For Haefner, extra effort translates into five minutes a day to empty and load more corn into the furnace, with an additional 15 minutes on the weekend for basic maintenance, polish and clean up. To obtain corn is a "little more work," with Haefner traveling once every two to three months to fill up several 55-gallon drums.

"To be honest, people are lazy, especially those of us in the baby boomer generation. We like things done for us," said Haefner, who said his heating costs are at $2 a day for a 4,200-square-foot home. "It's a lot easier to burn corn than to go out and chop wood, but it's more work than sitting on the couch and letting the thermostat do its thing."

Matt Krueger, who co-owns Wisconsin Corn Burner, LLC. in Stoughton, said for his customers, it's a dollars-and-cents decision. A corn furnace could run anywhere from $1,500 to $5,000 (not including installation, when needed), but long-term savings while being able to keep your home at 72 degrees instead of 64 piques heavy interest.
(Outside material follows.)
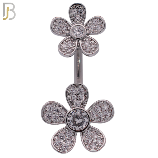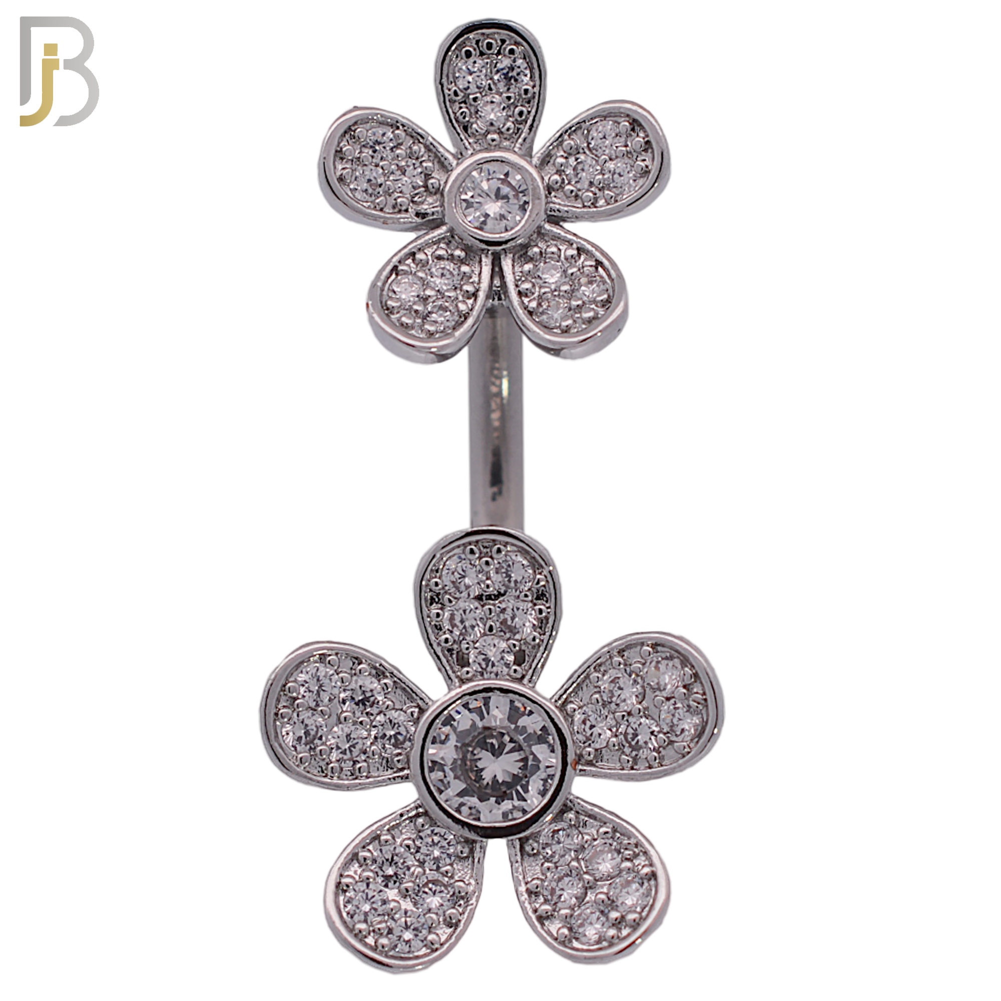NB78 – 316L Stainless Steel Banana Belly Ring with Double Flower with Multi Cubic Zirconia

"I think it's a matter of awareness and corn energy becoming more and more popular," Krueger said. "If people know more about it and can say, 'Oh, Joe's got one,' or do their own research on the Internet, it's going to be hard to ignore alternative sources."

Serious choices are coming

When Bob Walker helped develop the corn-burning Bixby MaxFire bio-mass stove, he did so hoping to eliminate questions about labor, time and added mess. Walker, CEO of Bixby Energy in Minneapolis, said the future for alternative energies looks promising.
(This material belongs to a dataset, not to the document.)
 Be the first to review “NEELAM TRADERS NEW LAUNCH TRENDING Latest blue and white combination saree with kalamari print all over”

"You have furnaces that not only use corn, but wood pellets, biomass pellets, waste energy …" he said. "Corn was the first product to look at because it's out there in plentiful supply. Ethanol plants are gobbling it up now, but whether it's agricultural waste, switchgrass, cranberry waste … there are so many things to think about for the future."

Walker said using traditional heating systems only to "be unhappy while sitting around the house with sweaters" doesn't have to be the only option for homeowners. Then there are subtle effects of corn-based heating, like Hodkiewicz noting how her furnace has "given me my living room back. My kids will sit in there and do their homework, whereas before, we all used to be crammed in the kitchen because it was the warmest spot."

In terms of widespread knowledge among the public, there's still work to be done. But Haefner, for one, thinks it's only a matter of time.

"I think in the next two to three years, the American public is going to be forced to make serious life changes," he said. "It could be corn or some other fuel … but people are going to have to do something, and they'll find it's very economical."